=== PROBLEM TO WORK ON ===
Pictures do not belong in the copy. Write out exactly the lines from the one containing "ステンレススチールケース:ホ" through the end of the data.

=== RECORDED DATA ===
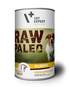 RAW PALEO PUPPY KUCĒNIEM ar tītara gaļu - pilnvērtīga un sabalansēta monoproteīna barība augošiem suņiem (konservi) no atšķiršanas līdz 1 gadu vecumam, ka arī grūsnām un laktējošām kucēm. Bez graudiem. Sastāvdaļas: tītara gaļa un tītara izcelsmes blakusprodukti 70%, buljons 28,7%, minerālvielas 1%, laša eļļa 0,2%, olu čaumalu pulveris 0,1%. Analītiskie komponenti: kopproteīns 10,3%, koptauki 5,3%, koppelni 2,5%, kokšķiedra 0,3%, mitrums 78%. Piedevas/kg: Uzturfizioloģiskās piedevas: vitamīni: D3 (E671) 200SV, E 90mg; mikroelementi: cinks (cinka helāts ar glicīna hidrātu, E6) 25mg, mangāns sulfāta (II) monohidrāts, E5) 1,4mg, jods (kalcija jodāts, bezūdens, E2) 0,75mg, selēns (nātrija selenīts, E8) 0,03mg. Lietošana: Ieteicamās dienas devas, kas norādītas tabulā uz iepakojuma, nodrošina suņa ikdienas uztura prasības. Vienmēr jābūt brīvi pieejamam svaigam dzeramajam ūdenim. Pēc atvēršanas uzglabāt ledusskapī un izēdināt 1 dienas laikā. Izēdināt istabas temperatūrā. Iepakojums: 400 g.
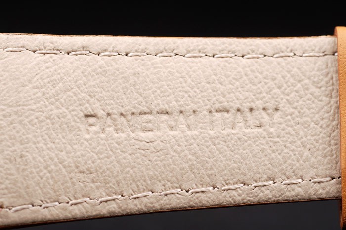 ステンレススチールケース:ホワイトステッチと熱とライトブラウンのレザーストラップは、ワークショップパネライイタリアスタンプをエンボス加工し、パネライ彫刻
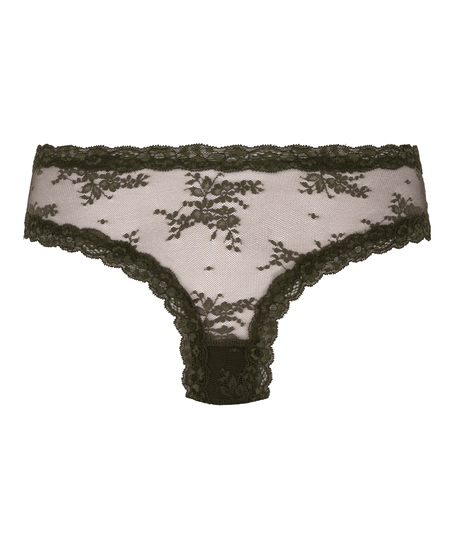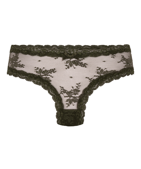 Te bardzo kobiece figi brazylijskie są wykończone koronkowym obrzeżem.
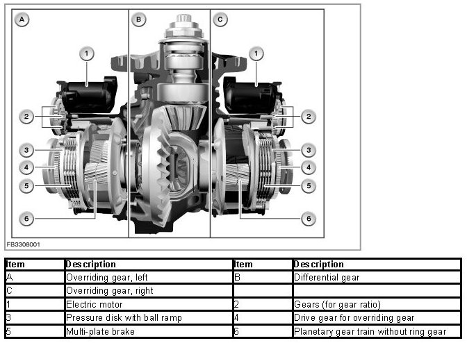 The following components are described for the rear axle lateral torque distribution:
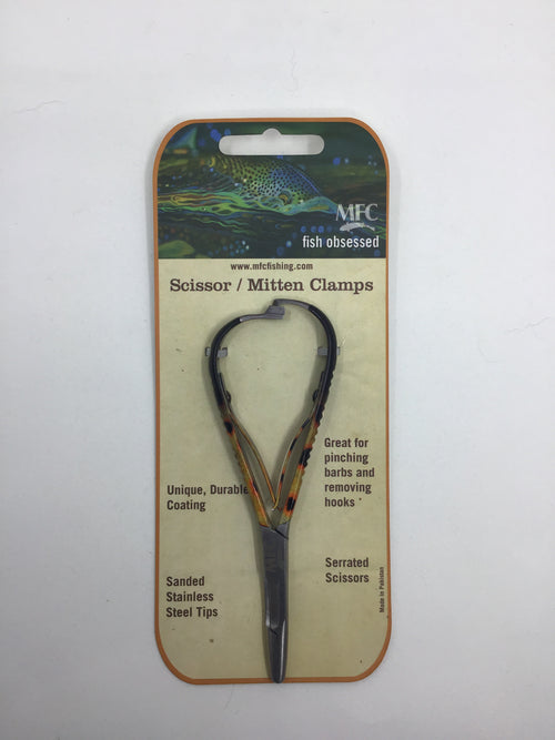 The Mitten Clamp scissor/forceps is a favorite tool amongst anglers of all kind. If you prefer a palm operated tool rather than a "scissor like" finger loop, then the Mitten Clamp is the tool for you. Enjoy your choice of MFC's trout skin or camo patterns
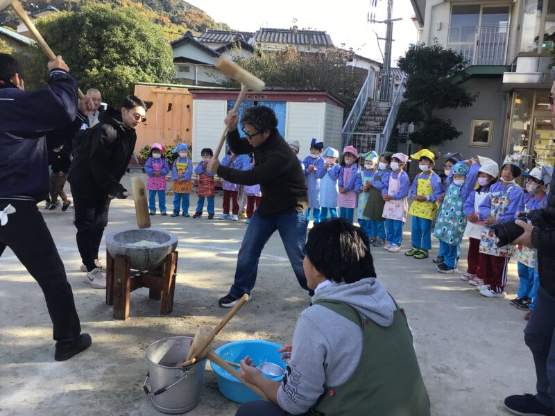 もちつきの歌を歌ったり、「がんばれ!」と応援したりしました。
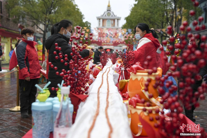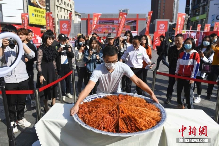 直径近1米的巨型元宵亮相平江。杨华峰 摄由于制作工艺简单、制作成本低廉且风味独特,这种面筋小吃迅速火遍大江南北,深受市场欢迎。几年时间不到,平江县90%以上的酱干作坊都改做辣条。尤其是春节后,各辣条厂还会上演全村“抢人”名场面。
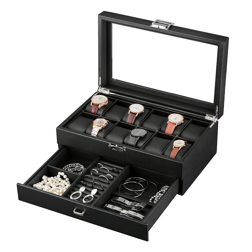 【特価商品】腕時計収納ケース アクセサリー 収納 時計ケース 12本 時計 収納ボックス 2段式 高級 ウォッチ 収納ケース コレクションケース PUレザー製… (12本 2段式-炭素繊維)
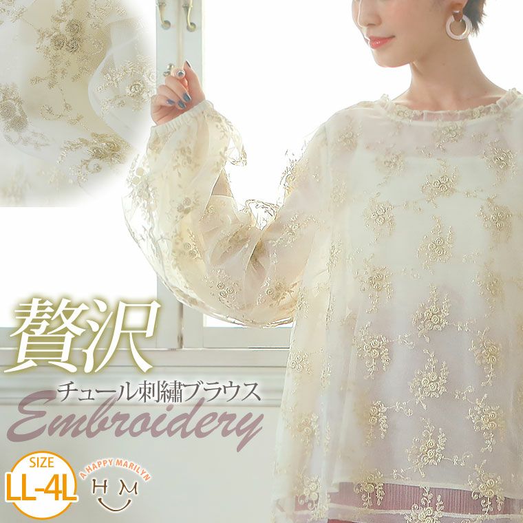 華やか上品 チュール刺繍マオカラーボリューム袖ブラウス
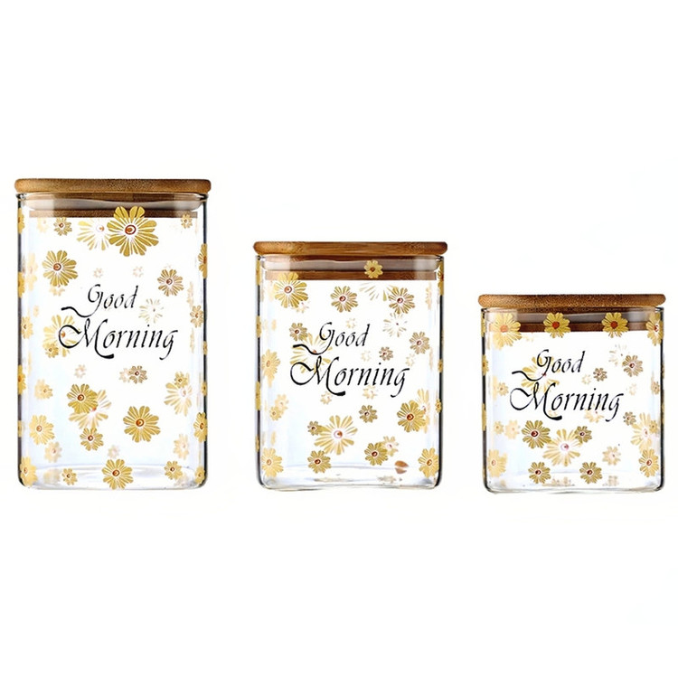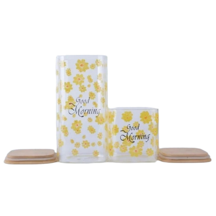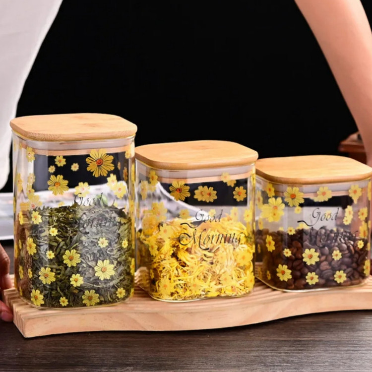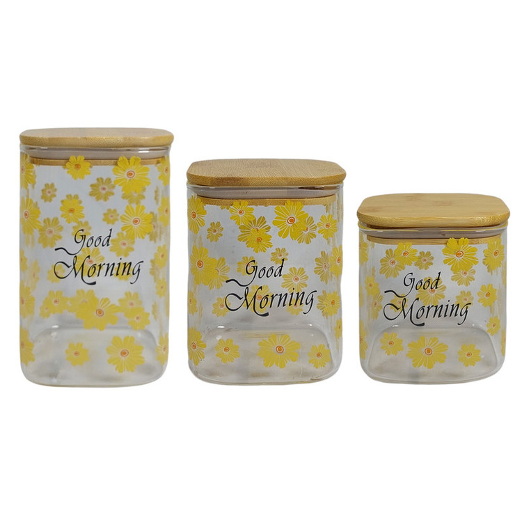 جنس بدنه پیرکس جنس درب بامبو دارای واشر آب بند دارای جعبه کادویی ابعاد ظروف طول و عرض ها ۱۰ سانتی متر و ارتفاع ها ۱۰ ، ۱۳ ، ۱۶ سانتی متر
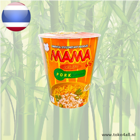 Mama Cup Noedels met varkenssmaak is een snel en gemakkelijk te bereiden instant noedelmaaltijd, geliefd om zijn rijke en hartige smaak.

=== ANSWER BOX ===
 ステンレススチールケース:ホワイトステッチと熱とライトブラウンのレザーストラップは、ワークショップパネライイタリアスタンプをエンボス加工し、パネライ彫刻
 Te bardzo kobiece figi brazylijskie są wykończone koronkowym obrzeżem.
 The following components are described for the rear axle lateral torque distribution:
 The Mitten Clamp scissor/forceps is a favorite tool amongst anglers of all kind. If you prefer a palm operated tool rather than a "scissor like" finger loop, then the Mitten Clamp is the tool for you. Enjoy your choice of MFC's trout skin or camo patterns
 もちつきの歌を歌ったり、「がんばれ!」と応援したりしました。
 直径近1米的巨型元宵亮相平江。杨华峰 摄由于制作工艺简单、制作成本低廉且风味独特,这种面筋小吃迅速火遍大江南北,深受市场欢迎。几年时间不到,平江县90%以上的酱干作坊都改做辣条。尤其是春节后,各辣条厂还会上演全村“抢人”名场面。
 【特価商品】腕時計収納ケース アクセサリー 収納 時計ケース 12本 時計 収納ボックス 2段式 高級 ウォッチ 収納ケース コレクションケース PUレザー製… (12本 2段式-炭素繊維)
 華やか上品 チュール刺繍マオカラーボリューム袖ブラウス
 جنس بدنه پیرکس جنس درب بامبو دارای واشر آب بند دارای جعبه کادویی ابعاد ظروف طول و عرض ها ۱۰ سانتی متر و ارتفاع ها ۱۰ ، ۱۳ ، ۱۶ سانتی متر
 Mama Cup Noedels met varkenssmaak is een snel en gemakkelijk te bereiden instant noedelmaaltijd, geliefd om zijn rijke en hartige smaak.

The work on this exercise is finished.